Filipinos, especially in Quiapo, are intensely devoted to the image of the Nazarene–the black Christ. It is the suffering Christ of the Passion, portrayed as a dark-skinned Moor. 

Poóng Itím na Nazareno (replica)

The statue, carved from dark mesquite wood, originated from Mexico in the 17th century. But tradition attribute the dark skin to soot from votive candles or charring by fire during its galleon transport–as if Christ, the Imanu’el, transformed himself to minister to the swarthy Indios of the Pacific islands.

While the Buddha became more east Asian as the cult spread to China and Japan, the Christ remained staunchly semitic, or at least Mediterranean, even in Spanish Catholic Philippines. In the Black Nazarene, he is an African from the Maghreb or Andalusian Spain.
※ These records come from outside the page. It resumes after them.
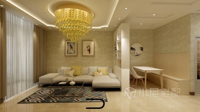 南向的兩居,客餐廳是很大的問題,中間有酒柜做隔斷是空間得到最大利用格局分明,簡約大氣
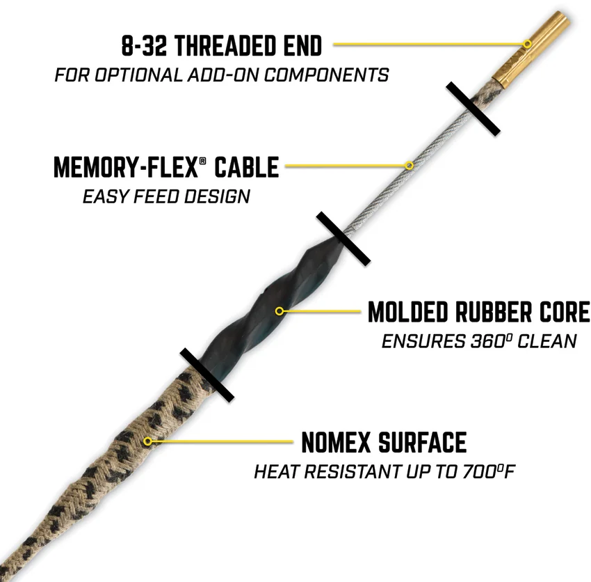 Cleans: .270. 10″ of aggressive cleaning surface. Caliber specific molded rubberized core for 360 degree cleaning. Heat resistant up to 700F. Nomex fibers act as both a brush to loosen and a patch to capture fouling particles. Easy-feed design. Equipped with 8-32 threaded ends to fit all Otis cleaning components. Hardside carrying case.
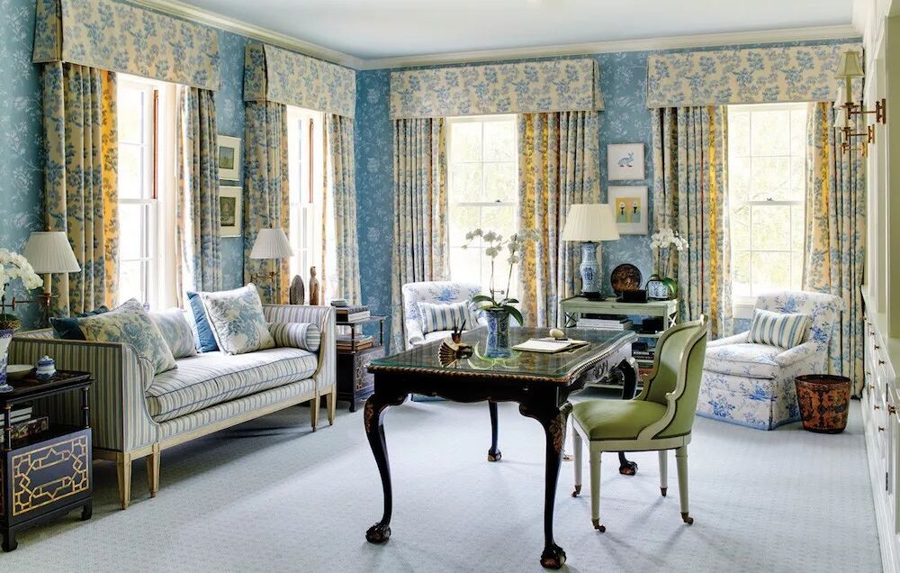 而在蓝色调环境下,米色系印花窗帘也能迎合唯美的室内光线流露出一点浪漫古雅的味道。
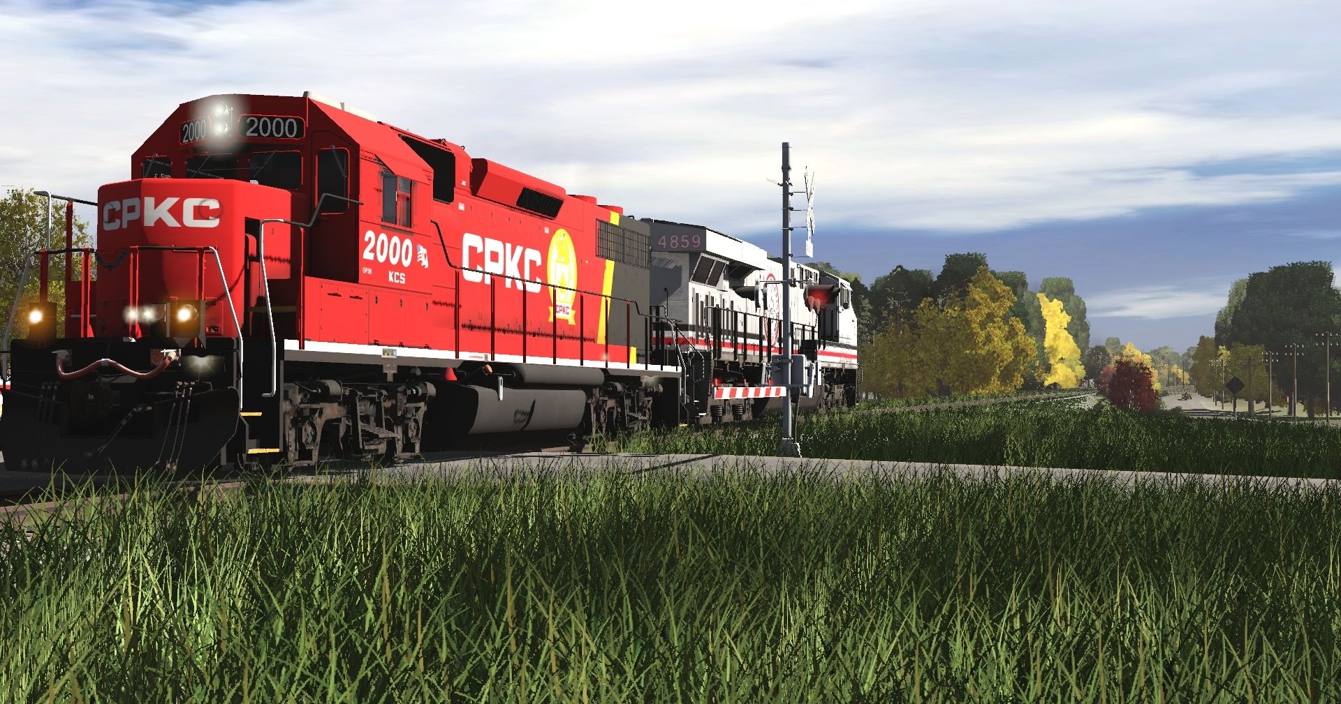 Posted by: jyar8882001 | Posted:2024-12-08 23:42:44 Caption: Tags: Trainz Railroad Simulator 2022, more crossing, Default, KCS GP38-2 2000, KCS ES44AC Safety Starts Here
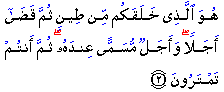 "He created you out of clay and decreed a fixed term in this world and another one known only to Him. Yet you are still in doubt."
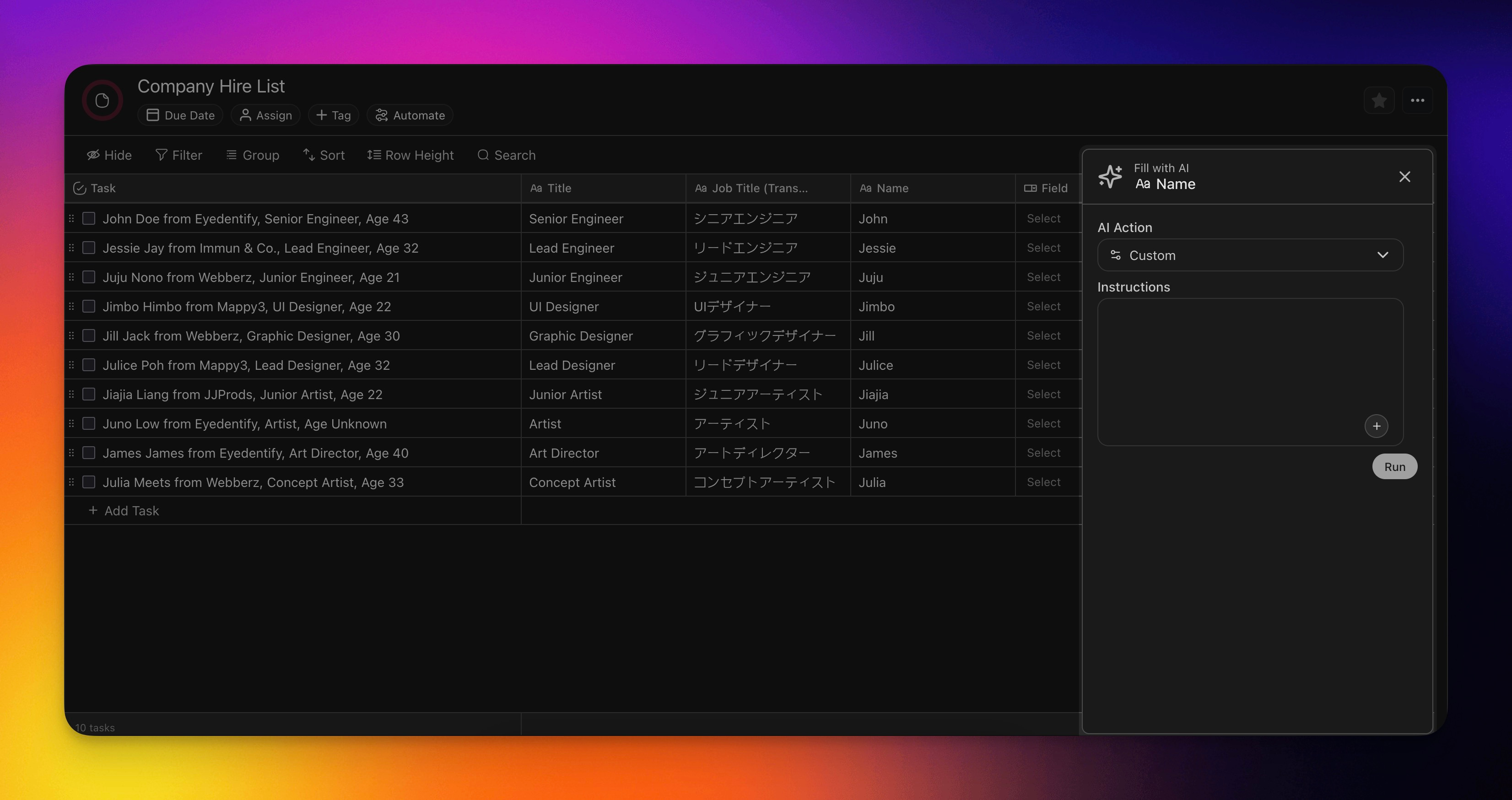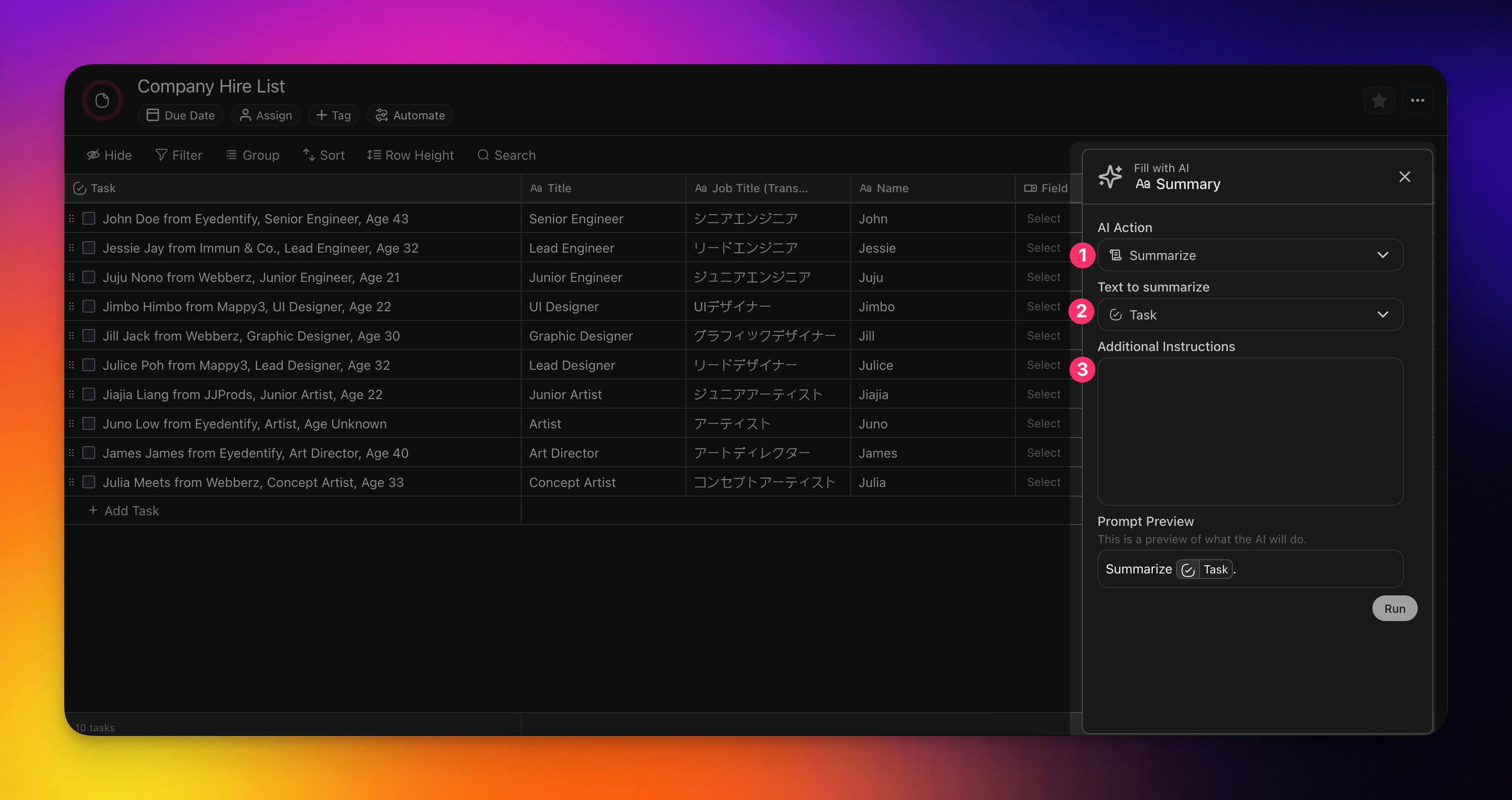 | Summarize another column, and fill up this column accordingly. | Select a column to summarize. | Prompt the AI with specific instructions on how you want the information to be summarized. |
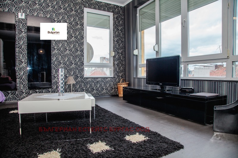 Модерен тристаен апартамент под наем в центъра на град Бургас, намиращ се на пешеходно разстояние от Морската градина, детска градина, училище, ресторанти, автобусна спирка, множество магазини, учреждения и офиси. Сградата е с асансьор и много добре поддържани общи части.
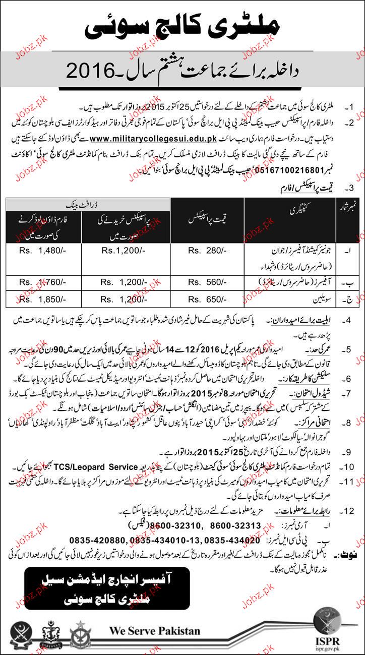Military College Sui Admission in Class VIII in Sui. Read newspaper ad for exact details.
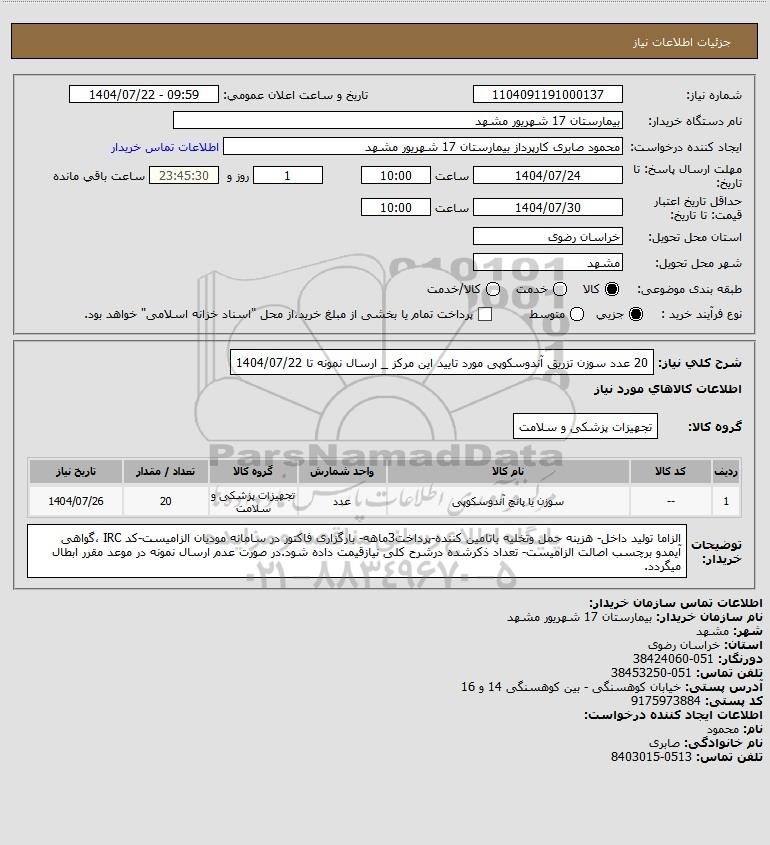 | 1 | -- | سوزن یا پانچ آندوسکوپی | عدد | تجهیزات پزشکی و سلامت | 20 | 1404/07/26 |
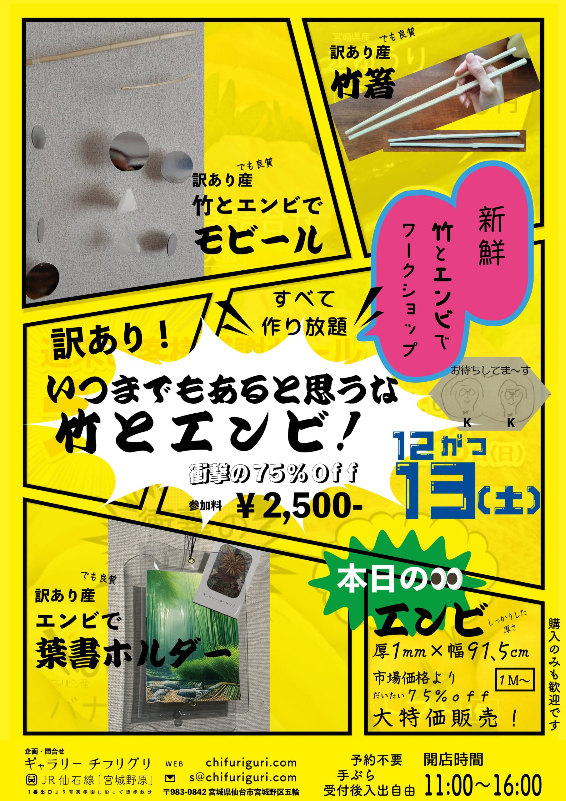 突如として現れた竹とエンビ!お役目に必要分は納められ、のこった素材で新鮮 竹とエンビで ワークショップ!訳ありワークショップ!いつまでも有ると思うな竹とエンビ!!!!!!・モビール・葉書ホルダー・竹箸 などなど◎すべて作...

In the Chapel of the Holy Cross, atop the red rocks of Sedona, there is a bust of the crucified Christ from the Cathedral in Chartres. It’s medieval visage has slender, feminine features. The beard trimmed to the jaw-line tapers at the chin and parts like a hoof. The crown of thorns, fat and spikeless, coils around the head, like a saracen’s turban. He could be the Venetian Othello in Orientalist paintings, Christ, the ultimate outcast.